_YOUR ASSIGNMENT_
Leave out the pictures and reproduce all of the data exactly.
----
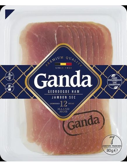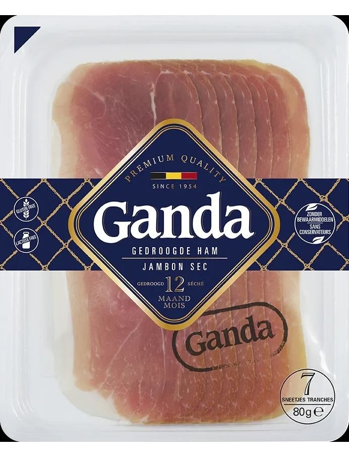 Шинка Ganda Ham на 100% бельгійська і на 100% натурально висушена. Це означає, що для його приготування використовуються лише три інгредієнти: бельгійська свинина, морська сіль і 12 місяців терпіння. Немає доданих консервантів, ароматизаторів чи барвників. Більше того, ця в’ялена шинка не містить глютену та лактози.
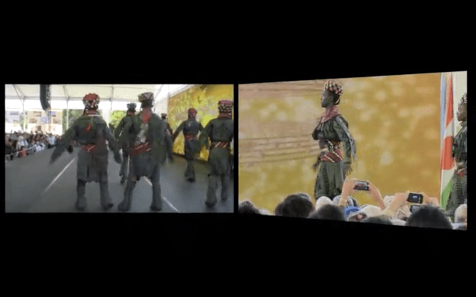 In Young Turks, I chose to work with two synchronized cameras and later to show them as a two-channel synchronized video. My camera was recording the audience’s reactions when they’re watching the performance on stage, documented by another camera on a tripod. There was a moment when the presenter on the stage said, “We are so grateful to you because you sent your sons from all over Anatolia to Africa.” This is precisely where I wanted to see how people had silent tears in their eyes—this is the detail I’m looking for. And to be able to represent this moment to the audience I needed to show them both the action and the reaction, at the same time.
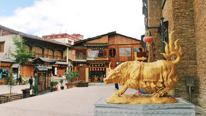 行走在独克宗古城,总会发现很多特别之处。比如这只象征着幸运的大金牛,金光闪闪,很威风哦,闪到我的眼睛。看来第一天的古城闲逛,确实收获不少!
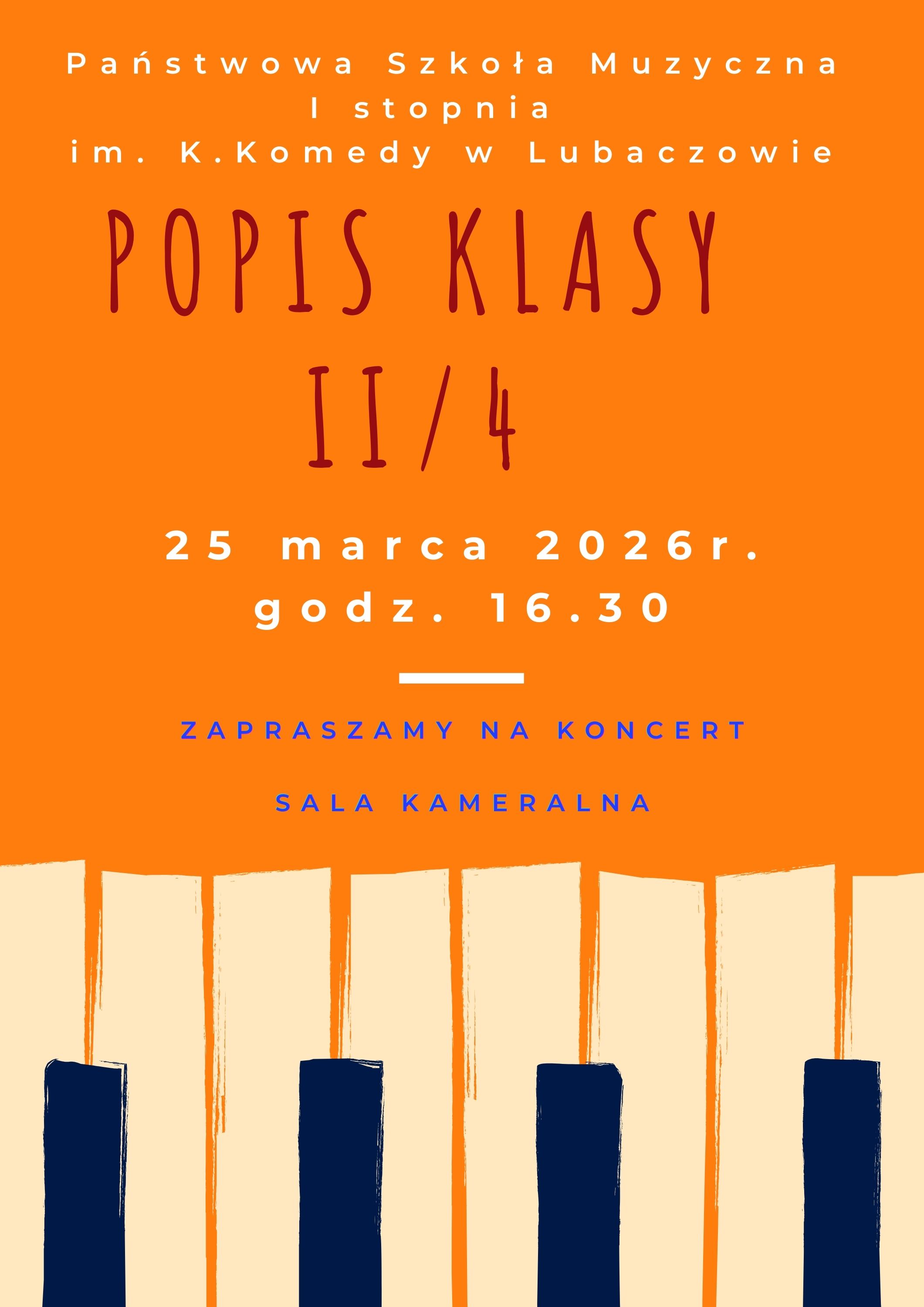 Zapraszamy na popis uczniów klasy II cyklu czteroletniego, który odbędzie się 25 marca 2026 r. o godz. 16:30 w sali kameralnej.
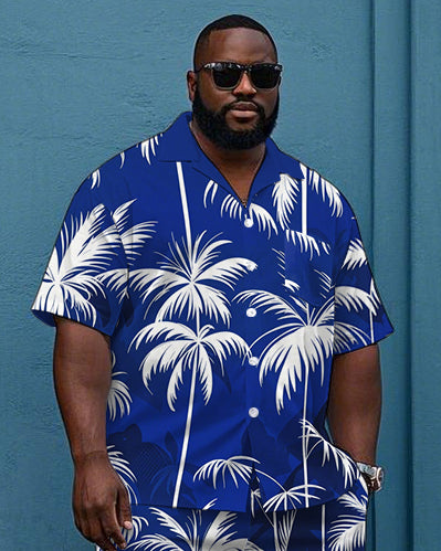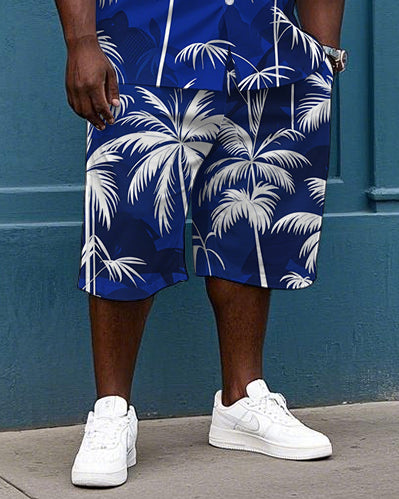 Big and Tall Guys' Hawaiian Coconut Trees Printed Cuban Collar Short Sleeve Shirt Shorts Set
----
_REPLY TO THE TASK_
 Шинка Ganda Ham на 100% бельгійська і на 100% натурально висушена. Це означає, що для його приготування використовуються лише три інгредієнти: бельгійська свинина, морська сіль і 12 місяців терпіння. Немає доданих консервантів, ароматизаторів чи барвників. Більше того, ця в’ялена шинка не містить глютену та лактози.
 In Young Turks, I chose to work with two synchronized cameras and later to show them as a two-channel synchronized video. My camera was recording the audience’s reactions when they’re watching the performance on stage, documented by another camera on a tripod. There was a moment when the presenter on the stage said, “We are so grateful to you because you sent your sons from all over Anatolia to Africa.” This is precisely where I wanted to see how people had silent tears in their eyes—this is the detail I’m looking for. And to be able to represent this moment to the audience I needed to show them both the action and the reaction, at the same time.
 行走在独克宗古城,总会发现很多特别之处。比如这只象征着幸运的大金牛,金光闪闪,很威风哦,闪到我的眼睛。看来第一天的古城闲逛,确实收获不少!
 Zapraszamy na popis uczniów klasy II cyklu czteroletniego, który odbędzie się 25 marca 2026 r. o godz. 16:30 w sali kameralnej.
 Big and Tall Guys' Hawaiian Coconut Trees Printed Cuban Collar Short Sleeve Shirt Shorts Set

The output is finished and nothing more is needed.